If you fancy a sugar hangover, look no further. This fudge is mouth-suckingly sweet and all the better for it. A firm Kiwi favourite, it is dense and rich, comprised largely of sugar, sweetened condensed milk and golden syrup.
I can’t get to the bottom of its name. In my travels through the internet, I was delighted to find Nigella acknowledges we call Russian Fudge in our little country, although she calls her version Vanilla Fudge.
This lovely Polish-authored food blog includes a recipe for Polish krówki, which translates as ‘little cows’ (how I love that!). Krówki is a sweet fudge very similar to our Russian fudge, and apparently Russia have a version too. New Zealand has a strong Polish connection, most famously through our post-World War II Polish refugee children. Could this explain it?
I won’t keep you all waiting while I trawl through the history of New Zealand confectionary in hope of an answer. Here is my preferred recipe for Russian fudge.

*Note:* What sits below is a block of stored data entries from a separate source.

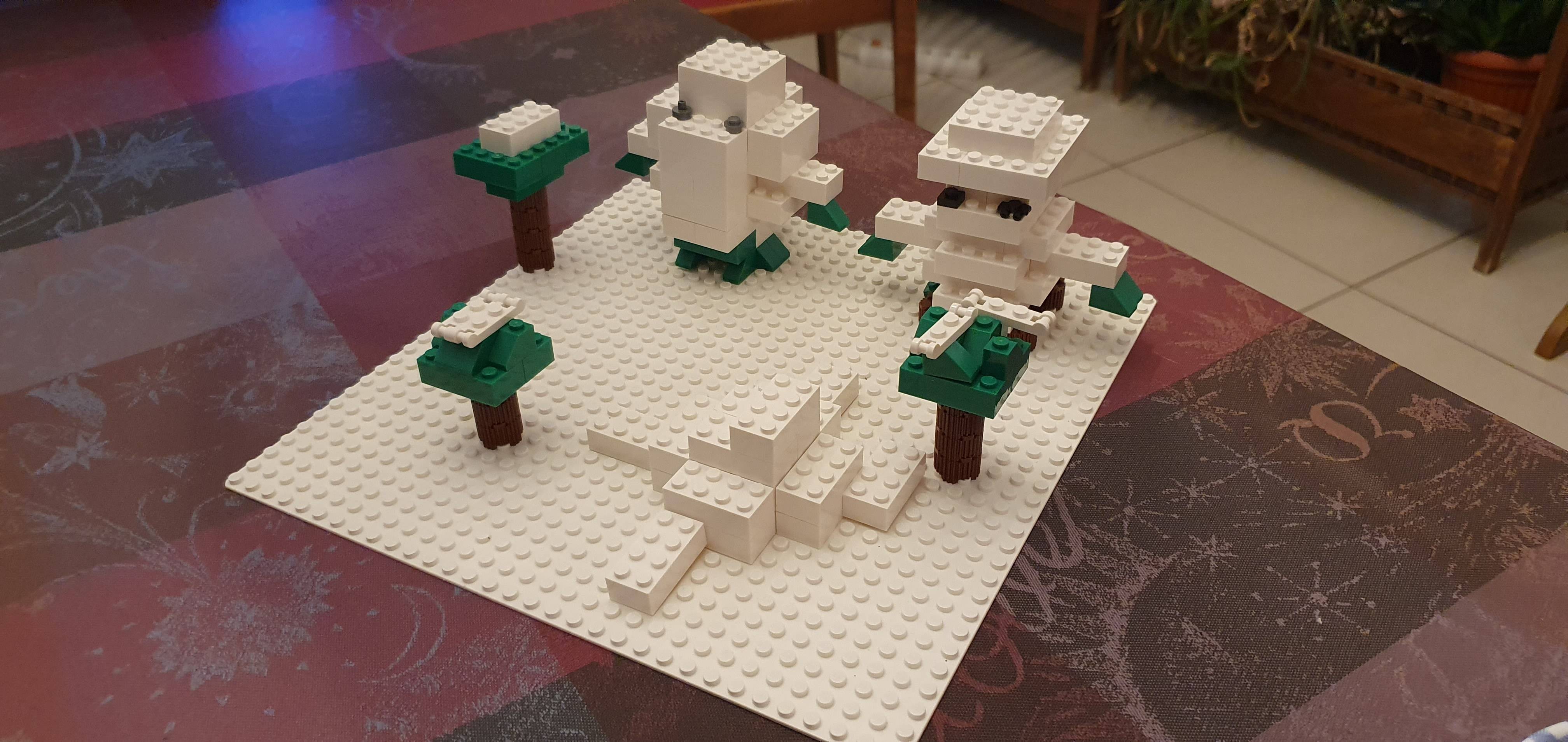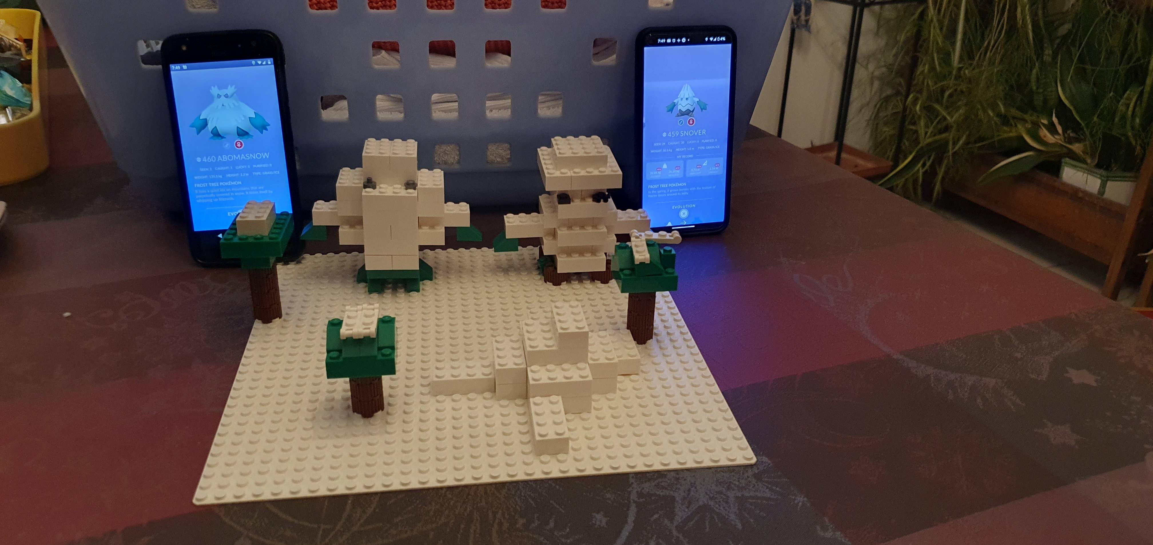 Blizzi et son évolution bizzaroi sont deux pokémons de type plante et glace. Ils sont ici représentés dans leur habitat naturel à savoir une forêt enneigée.
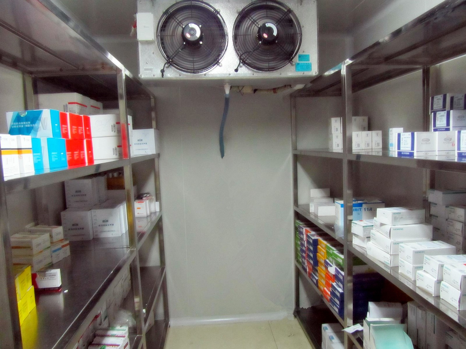 医药冷库工程概况:本项目位于四川省资阳市,医药冷库占地面积10平方,库体高度:2.8米,冷库容积28立方,设计温度为: 2℃至8℃ ;阴凉库占地面积:500平方,库体高度:4米。阴凉库容积:2000立方。设计温度为: 15℃至18℃。
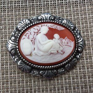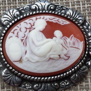 Heavy Pewter Steel Cameo Ring Brooch Vintage
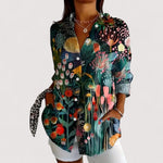 Ova bluza je pravi mamac za oči! Svojim šarenim i umjetničkim printom unosi razigrani i jedinstveni izraz u vašu garderobu. Udoban kroj i prozračan materijal čine je idealnom za ležerne i elegantne prigode.
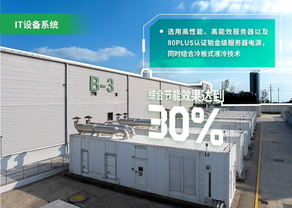 在IT設備方面,項目選用高性能、高能效服務器以及80PLUS認證鉑金級服務器電源,同時結合冷板式液冷技術,綜合節能效果達到30%-40%;
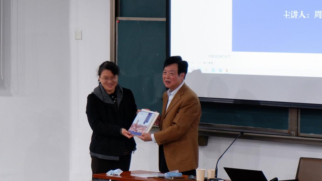 讲座最后,周烈教授向公司赠予他的两本新书——《风云变幻的阿拉伯世界》和《高校教学与治理的探索实践》,公司党总支书记张荟霖代表公司接受赠书。

The best tip I can give you is beat the fudge for as long as it takes in the final stage – it really is important for making it set.
- 200g butter
- 1 can condensed milk
- 3/4 cup milk
- 2 Tbspns golden syrup
- 4 cups sugar
- 1 tspn vanilla essence
Place everything except for the vanilla essence into a pot and bring to the boil, stirring constantly. Once it is boiling, keep stirring and let it boil for about 20 minutes, until a blob of fudge dropped in cold water can be formed into a squishy little ball.
Take off the heat, add the vanilla essence, and beat the fudge until it starts to thicken (I’m always into doing things by hand but I can really recommend an electric beater for this bit if you have one!)
Spread into a baking tin and leave to set for at least two hours.